Wie wertvoll und wohltuend Jesus’ Aussage über das Sorgen-Machen ist, können wir in folgendem Vers lesen:
“Darum sorgt nicht für morgen, denn der morgige Tag wird für das Seine sorgen. Es ist genug, dass jeder Tag seine eigene Plage hat.”
Matthäus 6,34
In diesem Satz steckt so viel. Es geht nicht nur darum, dass wir uns nicht sorgen müssen. Wir SOLLEN es nicht. Aber sind Sorgen immer negativ? Ich sorge z.B. für meine Arbeitsstelle, dass ich dort, so gut ich eben kann, meinen Job mache. Ich sorge mich um meinen Nachbarn, der immer gegrüßt hat, aber nun seit Tagen nicht mehr aus der Tür kam… Wenn Jesus sagt, dass wir uns nicht sorgen sollen, dann wohl eher, wenn es um uns selbst geht. Er möchte natürlich nicht, dass wir den Nächsten links liegen lassen sollen, á la: “soll sich doch jemand Anderes darum kümmern…” Aber er möchte uns ermahnen und ermutigen, in allen Bereichen unseres Lebens unseren Vater als allzeit verlässlichen Versorger zu sehen, damit wir mehr Kraft für unsere Aufgaben haben.

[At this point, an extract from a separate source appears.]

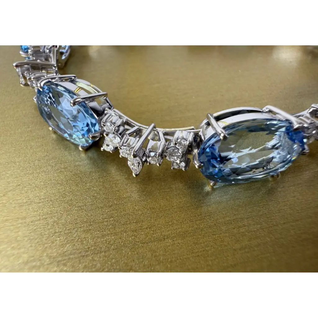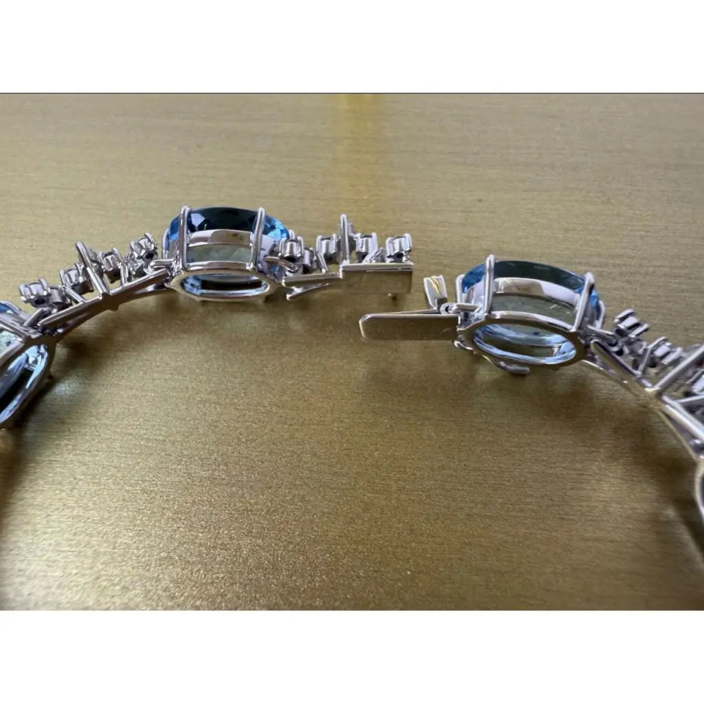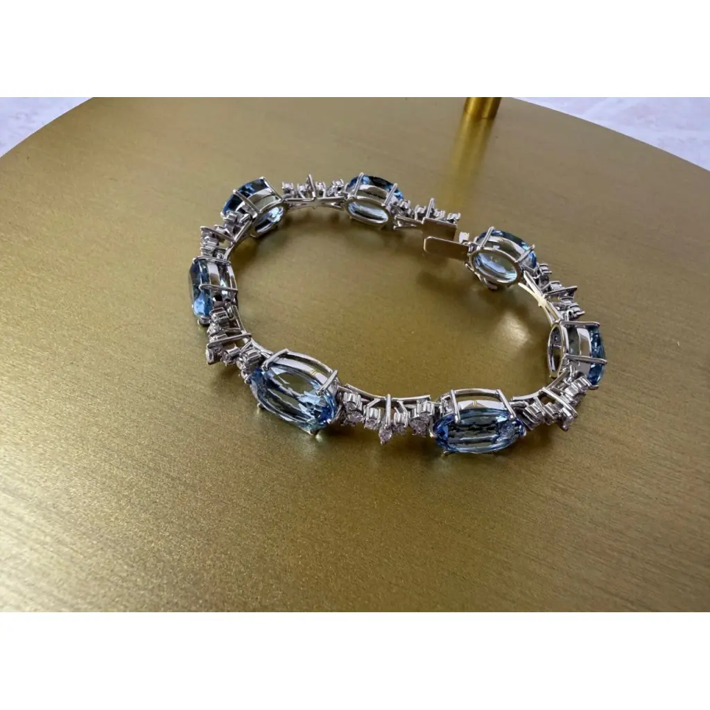 Неподвластный времени браслет H.Stern выполненный из белого золота 750 пробы с вставкой из 7 аквамаринов общей массой 24,5 ct.. а также с 56 бриллиантами классической формы огранки массой 1,65 ct., а также с 7 бриллиантами формы огранки "Маркиз" массой 0,35 ct. Длина браслета - 18,0 см. Вес - 25,47 гр.

Wenn wir aufgrund von schlichten Lebensumständen müde werden und uns dann Sorgen machen, hat das eine fatale Wirkung: Es ist ein Teufelskreis. Leben und Mensch-Sein macht manchmal einfach müde. Sorgen bewirken aber, dass wir keine neue Kraft tanken, da Sorgen ebenfalls wieder müde machen usw. Was macht uns aber müde, wenn sonst eigentlich alles gut läuft? Ein Faktor könnte unsere Plan-Mentalität sein. Einkaufszettel, Finanzplanung, Projektmenagement, Familienhandling, geplante Freizeitaktivitäten und und und… Wir sind ständig in Bewegung. Selbst im Nichtstun erwische ich mich, wie ich z.B. über dies und das nachdenke oder ich mache mir Sorgen um einen mir sehr wichtigen Menschen und mache Pläne darüber, wie ich wohl helfen könnte, wenn das überhaupt möglich sein sollte.
Vor ein paar Tagen stieß ich auf folgenden Bibelvers:
“Du hast dich müde gemacht mit der Menge deiner Pläne.”
Jesaja 47,13
Im Kontext des genannten Verses geht es sogar darum, dass jemand seine Last versucht, durch Zauberei und vielerlei anderer Dinge zu mildern, dies aber natürlich nicht funktionieren kann, da nur Gott uns die Ruhe geben kann, die wir brauchen, um tatsächlich aufzutanken.
Liebe Leser und Freunde, einige von uns (also hoffentlich nicht alle – aber mich auf jeden Fall eingeschlossen), haben verlernt, nichts zu tun und einfach für eine Weile vor sich hin zu existieren. Das klingt in gesellschaftlichen oder vielleicht auch unter manch christlichem Maßstäben natürlich auf den ersten Blick etwas blasphemisch. Aber ich glaube, wir haben uns, so sehr wir uns auch bemüht haben, dass es nicht passiert, in dieser Welt verstrickt.
Vielleicht nicht unbedingt in den schlechten Dingen, aber zumindest in der Leistungs- und Planungsmentalität und in den Sorgen, die damit einhergehen oder auch unabhängig davon auftreten können.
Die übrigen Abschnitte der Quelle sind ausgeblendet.